I think that my point is that as an inertial frame of reference gets closer and closer to c, time gets really dilated, and length gets really contracted. So, in the limit (if we can speak of the limit), an inertial frame of reference that is moving at 0.999999999999 (repeating) c, the time between the emission and absorption of the photon become zero, and the distance between the location of emission and absorption shrinks to zero. From our frame of reference, the events are clearly not simultaneous. From our frame of reference, a photon that was emitted from a star in some distant galaxy takes millions of years to travel millions of light-years across the universe to the place where the photon eventually is absorbed. But to the photon, the emission and absorption are simultaneous. The two events took place at the same time and in the same place.

I'm not a physicist, so if this thinking is wrong, please explain.

7. May 21, 2015

### EM_Guy

By the way, I know that a frame of reference that is getting closer to closer to c is an accelerating frame of reference, and thus not an inertial frame of reference. I'm asking us to consider the fastest possible inertial frame of reference that there is, which in the limit, sounds to me like it would be the frame of reference of the photon itself. You can say that such an inertial frame doesn't exist, for if it did, then light would have to be going at the speed of light relative to the "photon-observer"! Ack! Nevertheless, in the limit, the time between the two events is approaching zero, right?

8. May 21, 2015

### Staff: Mentor

No. Objects with zero rest mass, like photons, are fundamentally different, physically, from objects with nonzero rest mass, like us. The concepts of "elapsed time" and "simultaneous events" only make sense for the latter types of objects; they simply do not have any meaning for the former types of objects. The fact that you can do a mathematical process that looks like taking a limit as $v$ approaches $c$ does not mean that mathematical process necessarily tells you anything meaningful about physics.

9. May 21, 2015

### Ibix

Robphy has already given one argument. Here are two more.

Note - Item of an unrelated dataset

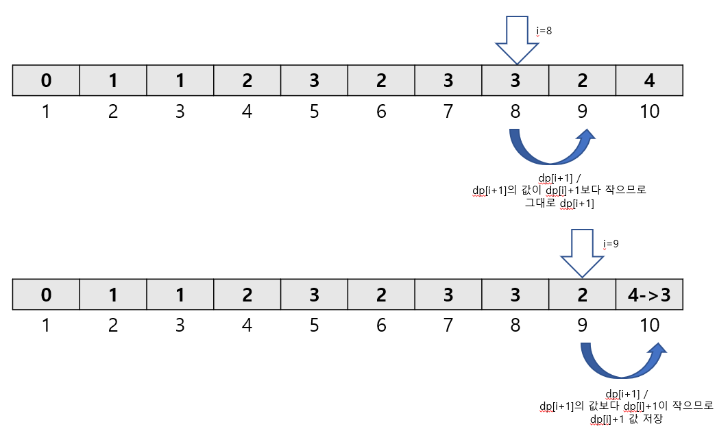 if (dp[i+1]>=dp[i]+1) //더 최단거리로 접근했을 때의 수를 저장

The speed of light is constant in all inertial reference frames. In the rest frame of a photon the speed of light would have to be both zero and 3x108m/s.

Alternatively you can substitute v=c into the Lorentz transforms and see what the time between emission and absorption is by that method. The answer is not zero, athough it is if one assumes the the interval equals the proper time for light-like paths. Contradictory answers from maths is generally a hint that you're doing something illegitimate.

Your argument holds good up to 0.9...9c, but there is a qualitative difference between c and any other speed, not just a quantitative one.